Assignment ::
Beginning with the line where "دارای : پایه" appears, restate each line word for word until the data ends. Pictures do not go in.

Segment Start: Collected data

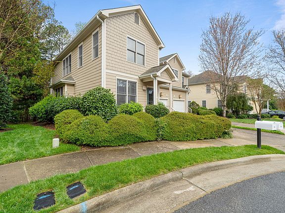 This two-story Townhouse is tucked in a cul-de-sac in the small, well-maintained Pickard Oaks Community. Ideally located midway between UNC and Duke, it is a five-minute walk to the ''D'' busvstop which will take you to downtown Chapel Hill, the UNC campus and the UNC Medical Center. Foodies, or those who just love the hot-bar and great snacks will appreciate the 3-minute car trip or 15 minute walk to Wegman's, and short drive to Trader Joes & Whole Foods as well. High ceilings, beautiful light and hardwood floors welcome you as you enter the living and dining area featuring glass-enclosed gas fireplace. A great cooks kitchen with pull out easy glide shelves and drawers in the cabinets and pantry. It features a large table-height workplace Island with room to seat 4-5 to ''eat, drink and be merry'' as you cook and serve. Private back deck off the kitchen faces into trees, not neighboring homes. The First floor also has a carpeted full bathroom with tub/shower and a bedroom/den/playroom Second floor features a large, open Den/Loft at the top of stairs and hardwood floors throughout. The Primary Bedroom has an ensuite Master Bath with double sinks, and a walk-in closet. The third Bedroom, a full bath and large linen closet. The 1 car garage has 2 handy ceiling storage racks is entered off the downstairs hallway. The driveway accommodates another car. There is also on-street parking.
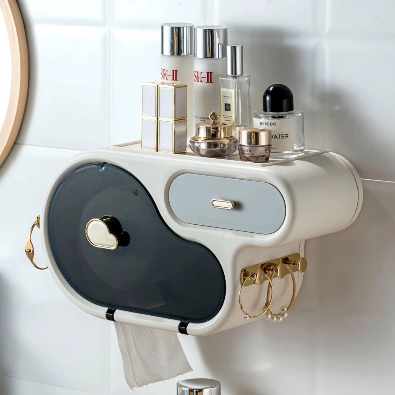 دارای : پایه ی دستمال رولی متحرک مناسب دستمال رولی و جعبه ای
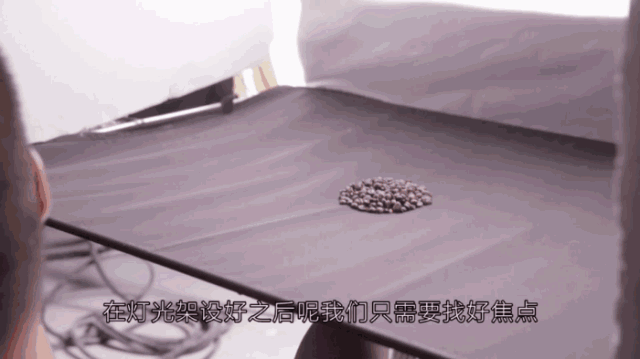 这个镜头把机位架在了顶部,咖啡豆底部用黑布做背景。机位的上方打了一盏灯作为主光源,然后加上柔光布,在左右两边使用米菠萝进行反光。让灯光尽可能覆盖整个白布,白布尽量贴近被摄主体,远离灯的方向,这样就可以得到相对比较柔和的光线。

Segment End: Collected data

Completed task ::
 دارای : پایه ی دستمال رولی متحرک مناسب دستمال رولی و جعبه ای
 这个镜头把机位架在了顶部,咖啡豆底部用黑布做背景。机位的上方打了一盏灯作为主光源,然后加上柔光布,在左右两边使用米菠萝进行反光。让灯光尽可能覆盖整个白布,白布尽量贴近被摄主体,远离灯的方向,这样就可以得到相对比较柔和的光线。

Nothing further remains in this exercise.